Dynamic Graph Neural Network with Adaptive Features Selection for RGB-D Based Indoor Scene Recognition

arXiv cs.CV / 4/2/2026

💬 OpinionSignals & Early TrendsIdeas & Deep AnalysisModels & Research

Key Points

  • The paper proposes a dynamic graph neural network for RGB-D indoor scene recognition that adaptively selects informative nodes from both color (RGB) and depth modalities.
  • It builds a dynamic graph to model relations among objects/scenes and groups nodes into three levels to capture near-to-far relational structure.
  • The graph is updated dynamically using attention weights, allowing feature propagation and optimization to reflect which nodes/relations matter most.
  • Finally, it fuses the updated RGB and depth features for recognition, reporting improved performance over prior state-of-the-art methods on SUN RGB-D and NYU Depth v2.
  • The work targets the previously open challenge of adaptively exploiting crucial local features from multi-modal RGB-D inputs via graph modeling.

Abstract

Multi-modality of color and depth, i.e., RGB-D, is of great importance in recent research of indoor scene recognition. In this kind of data representation, depth map is able to describe the 3D structure of scenes and geometric relations among objects. Previous works showed that local features of both modalities are vital for promotion of recognition accuracy. However, the problem of adaptive selection and effective exploitation on these key local features remains open in this field.
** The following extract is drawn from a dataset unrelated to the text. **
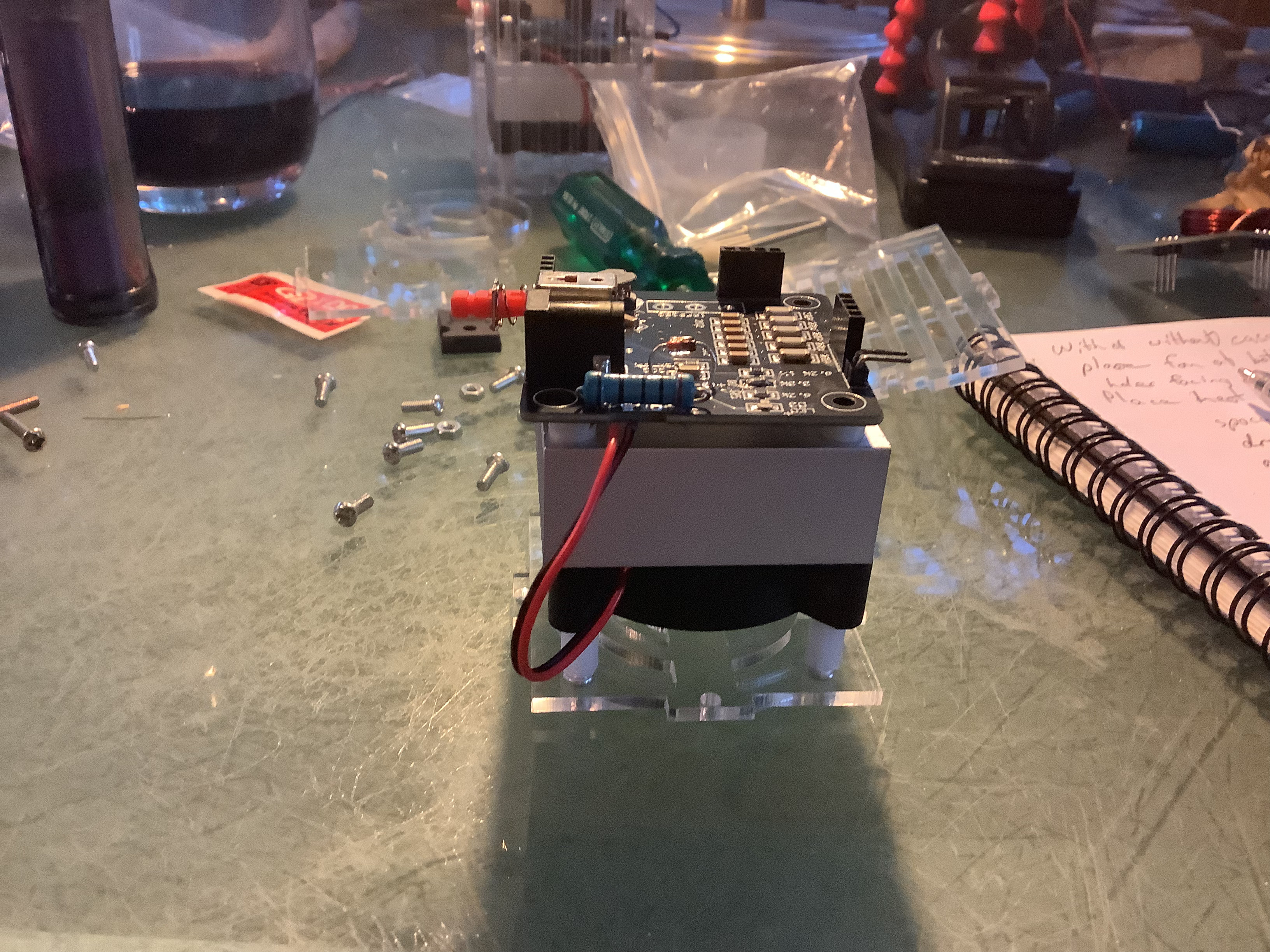 - Acrylic rectangle with a small rectangle cut out near its centre - This is for the pins that will stick out of the box and attach to the secondary coil for feedback. It will be opposite the above piece.

In this paper, a dynamic graph model is proposed with adaptive node selection mechanism to solve the above problem. In this model, a dynamic graph is built up to model the relations among objects and scene, and a method of adaptive node selection is proposed to take key local features from both modalities of RGB and depth for graph modeling. After that, these nodes are grouped by three different levels, representing near or far relations among objects. Moreover, the graph model is updated dynamically according to attention weights. Finally, the updated and optimized features of RGB and depth modalities are fused together for indoor scene recognition. Experiments are performed on public datasets including SUN RGB-D and NYU Depth v2. Extensive results demonstrate that our method has superior performance when comparing to state-of-the-arts methods, and show that the proposed method is able to exploit crucial local features from both modalities of RGB and depth.